Material and methods

Patient population and treatment

Between April 2016 and June 2018, a total of 163 patients with biopsy-confirmed locally advanced cervical cancer received EBRT and computed tomography (CT)- or magnetic resonance imaging (MRI)-based adaptive BT. Of these, 44 patients were excluded for the following reasons: incomplete information (n = 3), recurrent tumors (n = 24), previous BT (n = 13), or incomplete treatment (n = 4). A total of 119 patients (median age, 53 years; range, 30-79 years) were retrospectively analyzed in the study. Patients and treatments characteristics are shown in Table 1.

EBRT and BT procedure

For EBRT, the median fraction dose was 1.8 Gy (range, 1.8-2.0 Gy), and the median total dose was 45 Gy (range, 42-50.4 Gy). For high-dose-rate (HDR) BT, the nominal prescribed dose was 28 Gy in 4 fractions, separated by one week. Utrecht interstitial Fletcher CT/MR applicator, interstitial ring CT/MR applicator, multichannel cylinder applicator, and 3D-printed template were selected to fit the morphology and topography of the tumor [15,16,17]. MicroSelectron (v.3, Nucletron, Veenendaal, The Netherlands) HDR afterloading system was used for the patients’ treatment. Oncentra (v.4.3, Nucletron, Veenendaal, The Netherlands) treatment planning system was applied to produce and optimize the treatment plan. The total dose for combined EBRT and BT was normalized to EQD2 using α/β = 10 Gy for tumor tissue and α/β = 3 Gy for normal tissue. The planning aims dose (soft constraints) and limits dose (hard constraints) together constituted two levels for dose constraint. The planning aim dose (total EBRT and BT) for HR-CTV and IR-CTV was D90 ≥ 85 GyEQD2,10 and 65 GyEQD2,10, respectively, whereas planning aim dose for OARs was D2cc < 70 GyEQD2,3 for rectum, sigmoid, and bowel and < 85 GyEQD2,3 for bladder.
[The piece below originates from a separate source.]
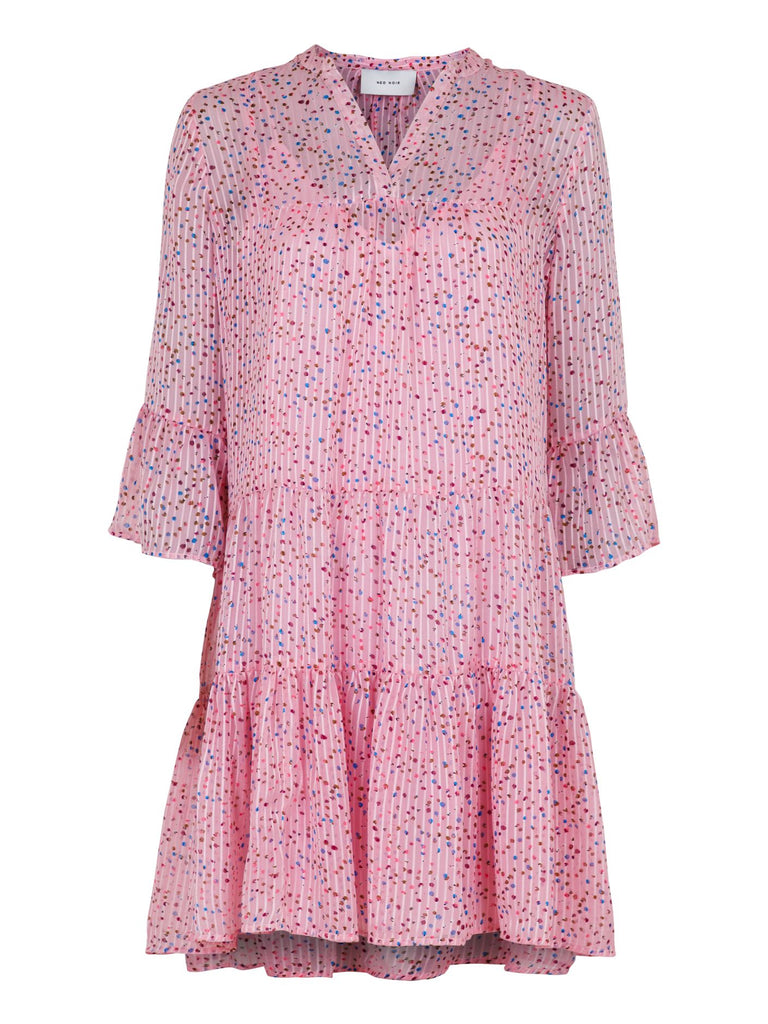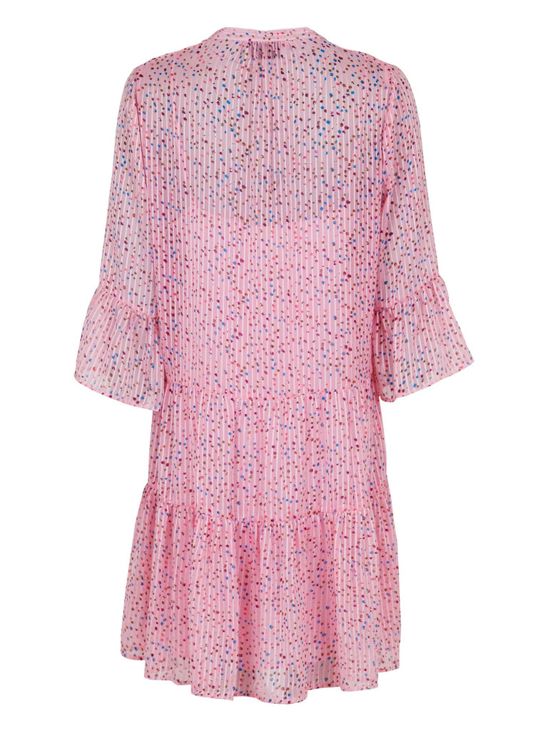 Den er i et flot pink stof med farvede prikker på. Kjolen er med V-udskæring og 3/4 lange ærmer, der er afsluttede med en smule trompet ærme. Endvidere medfølger der en lyserød underkjole og den har flotte feminine skæringer - som giver kjolen et flot og feminint udtryk.

The limit dose for HR-CTV and IR-CTV was D90 ≥ 80 GyEQD2,10 and 60 GyEQD2,10, respectively, whereas limit dose for OARs was D2cc < 75 GyEQD2,3 for rectum, sigmoid, and bowel and < 90 GyEQD2,3 for bladder.
In order to evaluate the treatment plan and balance the doses between targets and OARs, we compiled an Excel form for each patient, called “patient’s Excel form”. When a DVH parameter is entered, it automatically calculates and accumulates EQD2 from EBRT and BT. To quickly obtain the relevant DVH parameters from the treatment planning system and complete the patient’s Excel form, we created an in-house designed application, which was composed of three files. The main program was compiled by Visual Basic (version 6.0, Microsoft, USA). Another file was GetWindowText.exe (version 3.06, Freeware), free for downloading from the Internet. The third file was an Excel form (named “calculation Excel form”) called by the main program, which runs in the background to avoid confusion with the patient’s Excel form. It uses an Excel function (LOOKUP) to automatically search the data required by the patient’s Excel form, such as HR-CTV D90, IR-CTV D90, D2cc for OARs, and other DVH parameters of interest. Data flow of this in-house designed application is shown in Figure 1.
In the first n fractions (n = 1-3), to predict the total EQD2 at the nth BT (TEPBn), we assumed that the dose of subsequent fraction(s) would be the same as that of current nth fraction and dose, until the previous fraction was summed up. The actual cumulative EQD2 (ACEQD2) was obtained at the fourth BT. For each BT, the fraction dose was controlled with TEPBn or ACEQD2 from the Excel form based on the automatic calculation of EQD2. There were two ways to address the contradiction between target dose and dose to OARs: to meet the dose requirements of target volumes and increase the dose constraints of OARs, or to meet the dose constraints of OARs and lower the dose to the target, leading to an insufficient dose. The choice or compromise depends on whether the target dose can be increased or the dose to OARs can be decreased in the subsequent fraction(s). It is an effective way to increase the target dose and/or decrease the dose to OAR by adjusting the type of applicator or increasing the number of interstitial needles. For patients with high-risk factors, the target doses should be increased under the premise of a controllable dose to OARs to achieve better clinical outcomes. All the patients in this retrospective analysis read and wrote DVH parameters to patients’ Excel forms with the in-house designed application. TEPBn was used to predict ACEQD2, to balance the doses between targets and OARs, and to decide whether to increase the number of implantation needles or change the applicator. The data in this retrospective analysis were all from the actual delivered plan without any changes.

Statistical analysis

Receiver operating characteristic (ROC) curves were created to choose the optimal cut-off dose for predicting whether ACEQD2 met the planning aim dose. Boxplots of TEPBn and ACEQD2 (Figures 2-4) were generated using SPSS (version 23.0, IBM, USA) software. The volumes of HR-CTV and IR-CTV were compared between any two adjacent fractions, using two-tailed paired t-test. A p-value ≤ 0.05 was considered statistically significant.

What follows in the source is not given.